Today I learned 3 things:
- I’m right basically all the time.
- My preventative mastectomy was a huge waste of time, money, and a lot of people’s energy.
- And, I should’ve been an oncologist.
This morning, my husband and I met with Dr. McAuliffe to find out prognosis and treatment plan. The cancer is stage 2A (not terrible; totally treatable). After looking at scans and pathology from 2013, she is pretty certain that this is the same cancer (just as I suspected) I had then — as many DCIS cells as possible were removed during my mastectomy. But the doctors always said they can never remove every single cell. I like to make this analogy – it’s like a carton of ice cream. Even after you scoop out all of the ice cream, there’s still a little bit of ice cream residue that remains in the carton. Same thing here – they made a cut in the bottom of my breast, scooped out all of the breast tissue, but there was always going to be a little bit of residual tissue remaining. The chances of that tissue becoming cancerous are practically nil, but hey, they took a chance on me won the jackpot! It only takes one rogue mother fucker; this one hung around, grew, and now it’s invasive and is spreading throughout my breast. I suppose, luckily, I felt it before it did too much damage; it is not in my lymph nodes or elsewhere in my body. Still, we are going to treat it aggressively because I am not going through this a third time.

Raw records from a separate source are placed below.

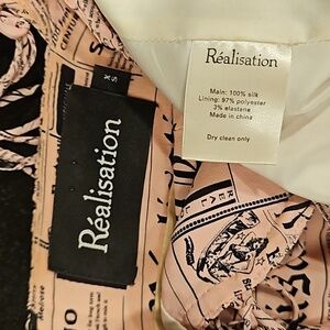 💕REALISATION PAR💕 Venus Babydoll Mini Dress ~ Pink Newspaper Print XS Y2K 90s
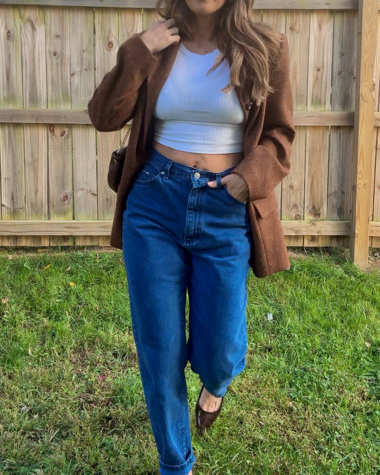 Styling note: espresso jeans, ballet flats, undone hair. Or lingerie, gold hoops, and a late-night walk home. This is not a “blazer outfit” — it’s a mood.
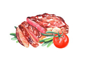 Surowy, posiekany smalec wieprzowy z zieloną cebulą i chlebem żytnim na drewnianym tle. Ukraiński smalec, tradycyjne jedzenie. Ręcznie malowane akwarele do menu, książka kucharska, przepisy kulinarne
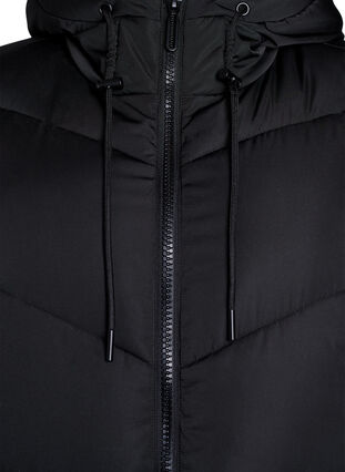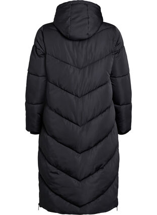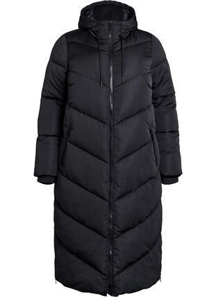 Lång pufferkappa med dekorativa sömmar, en vattenavvisande yta och varm vaddering. Kappan stängs med en tvåvägsdragkedja och har praktiska dragkedjor i sidorna som kan öppnas för extra rörelsefrihet och ventilation. Dessutom har den en huva med justerbara dragskor, sidofickor med dragkedja och ribbade muddar vid ärmsluten för att hålla vinden ute.
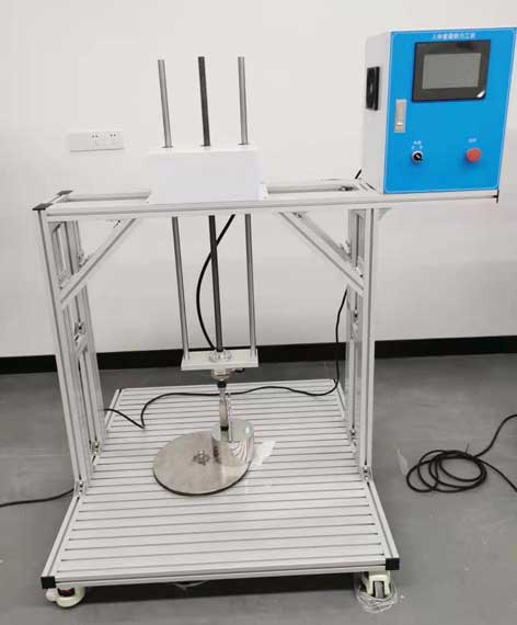 本設(shè)備符合GB9706.1-2020(IEC60601-1-2012)中15.4.7.1條及YY1057-2016醫(yī)用腳踏開關(guān)通用技術(shù)條件第5.1.3.1項(xiàng)標(biāo)準(zhǔn)要求中對腳踏控制裝置施加1350N的作用力達(dá)1min,來檢驗(yàn)是否符合來自人體重量的靜載荷條款要求;用于腳踏開關(guān)加載力試驗(yàn);需采用電機(jī)++絲桿+力傳感器加載方式,力值數(shù)顯。力傳感器與壓板之間加一個萬向關(guān)節(jié)連接。
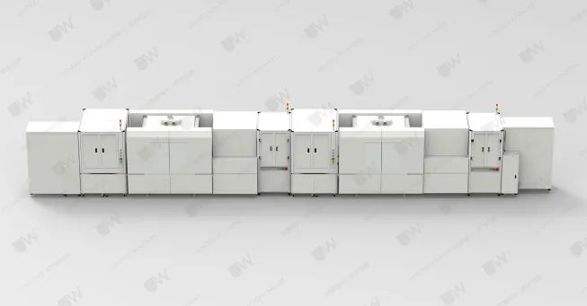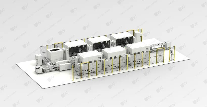 UW Laser fuel cell bipolar plate bonding production line is equipped with automatic loading and unloading system, intelligent glue supply system, visual positioning system, precision bonding system, pressure curing system, intelligent glue control system, automatic glue removal system, air tightness. It has multiple functions such as the intelligent detection system, the repeatability of the fit is ≤ ± 0.05mm, and the detection accuracy of the glue type is ± 0.001mm, which effectively solve the problems of the low efficiency and poor consistency of bonding between the anode plate and the cathode plate of the graphite plate of the fuel cell.
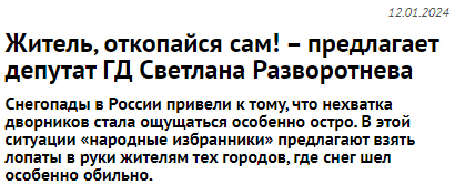 В Агенстве новостей "Строительный бизнес" есть статья от 2024 года " Житель, откопайся сам! – предлагает депутат ГД Светлана Разворотнева". ТО есть идея давняя. Пусть житель платит и убирает сам, моет лестницу сам, топит сам, ловит преступников сам, лечится сам. А им - руководителям - только деньги, а заботы жителям.
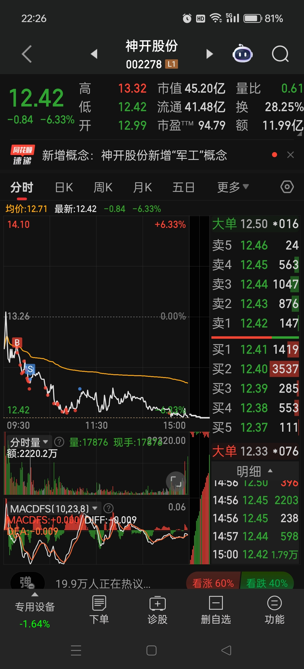 $神开股份(SZ002278)$ 根本没有底啊,连续接了2天,买不动了
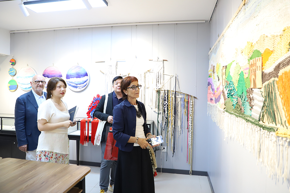 意大利代表团参观了工美创云直播工作室、内画艺术工作室、纤维艺术工作室、武强年画工作室、庞永辉国大师工作室、高英坡国大师工作室以及2025级视觉传达设计系的毕业设计创作展。Stefania di Marco教授对中国传统文化和工艺美术表现出浓厚的兴趣和热情,与我校师生进行了亲切交流。
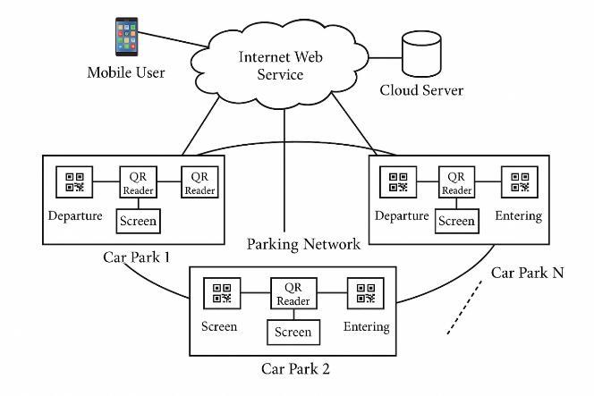 TheFigure1depictsthegenerallayoutoftheintegrated smart parking scheme, which is the result of the proposedresearch.ThesystemisdesignedtoutilizeIoT, blockchain, and QR code technologies to deliver secure, transparent, and efficient parking operations. On the user side, the driver is the one who makes a parking request by simply scanning a unique QR code that is assigned to the vehicle. After receiving this request, the
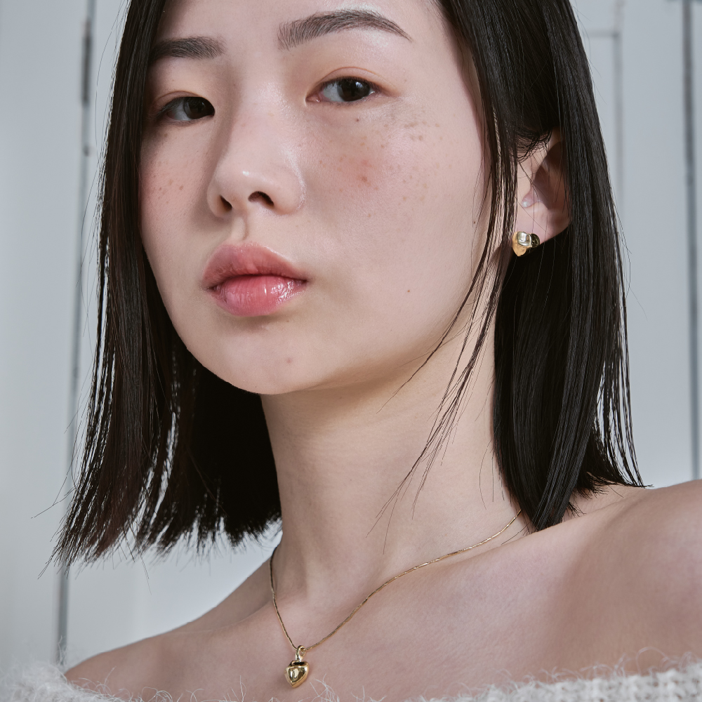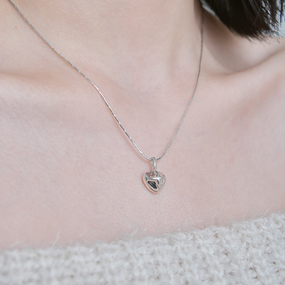 ふっくらとしたハートペンダントに、きらめく陽の光を閉じ込めたSun love necklace。 愛らしいフォルムのペンダントに、洗練されたカッティングチェーンを合わせ、シンプルながらも幅広く活躍するデザインに仕上げました。デイリーから特別な日まで、さりげなく胸元を彩ります :) * 925 sterling silver * gold or silver color * pandant 15*10mm * chain 42cm
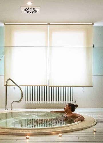 Al nostro arrivo ci recheremo in spogliatoio e cambieremo per l'occasione. Potremo dunque accedere alla spa: questa si compone di vasche idromassaggio, bagno turco, sauna, doccia scozzese, area relax con tisaneria e saletta delle erbe. Ma la vera chicca è la vasca jacuzzi al lampone, che unisce il piacere dell’idromassaggio alle proprietà terapeutiche del frutto! L'ingresso in spa ha durata 2 ore e mezza.
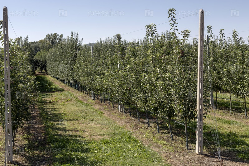Сельское хозяйство. Ряды яблони растут в горах
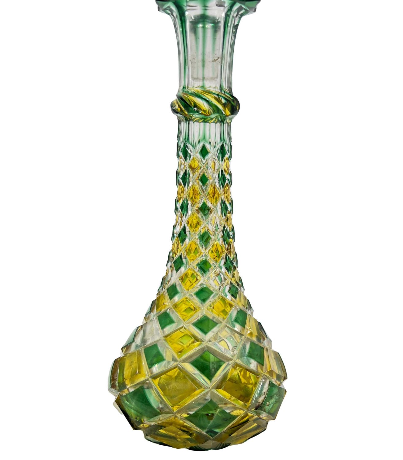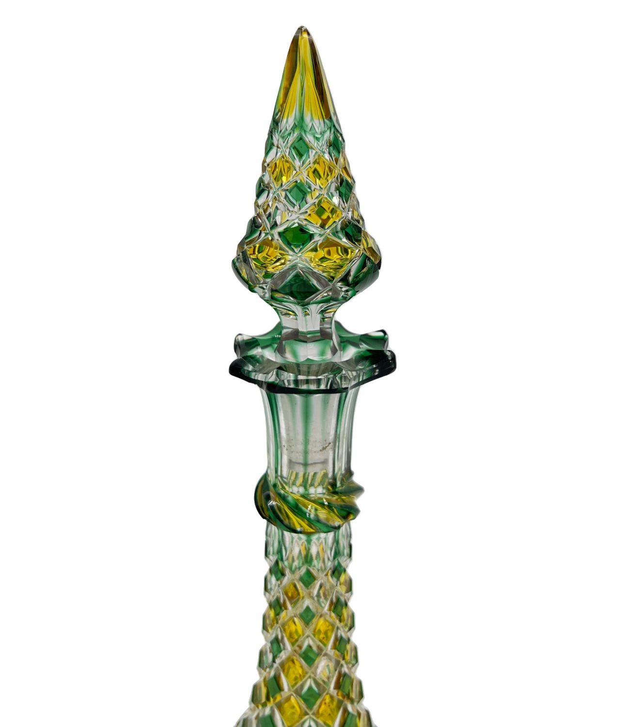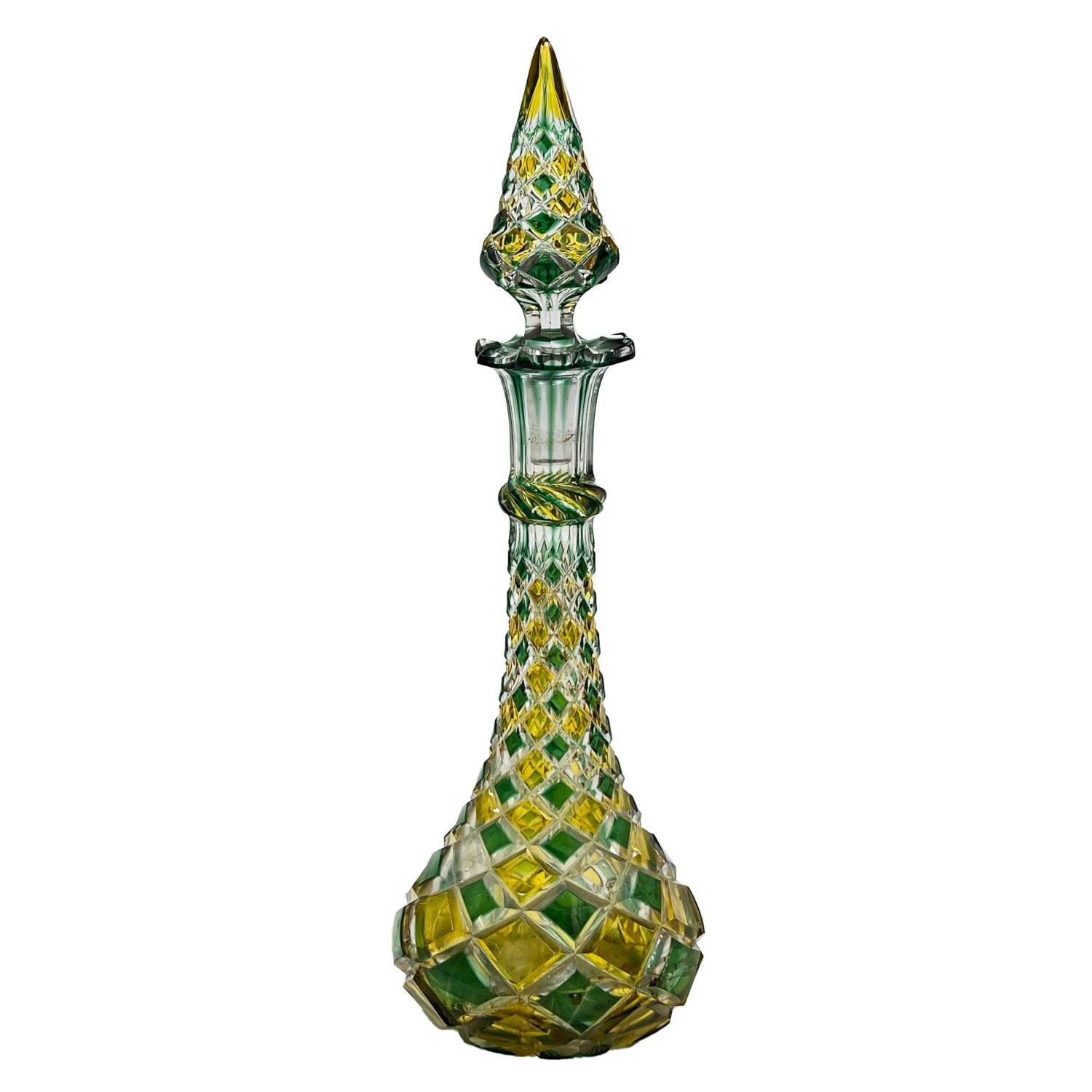 MULTI-COLOURED BOHEMIAN GLASS BOTTLE A vibrant Bohemian glass bottle boasting a mesmerizing array of colours, standing at 30cm tall.

Definitely in my future: surgery to remove the tumor, radiation to kill any other lurking rogues, and hormone therapy (most likely tamoxifen since aromatase inhibitors cause joint pain, and Dr. McAuliffe doesn’t want to wreak havoc on my RA). Chemo is a possibility because of the high Ki-67 (just as I thought). We talked about doing oncotype testing (yep – thought they might do that) to see if chemo would be required and how effective it would be. She wasn’t quite sure about the order that would make the most sense for these processes – chemo first then surgery? Surgery first then radiation? Put your left leg in, your right leg out? Let’s call the whole fucking thing off. Whatever.
Because my case is complicated (and nearly fucking unheard of) she will present it to the hospital’s multi-disciplinary oncology conference this evening. There will be surgical oncologists, medical oncologists, and my plastic surgeon will attend. Because I’m such an an interesting specimen, these people will all weigh in on the best way to proceed (I have to say, I LOVE this idea – I mean, who wouldn’t? All these brilliantly over-ivied brains getting together to talk about the best way to cure me!!! – I can’t wait to hear what they have to say).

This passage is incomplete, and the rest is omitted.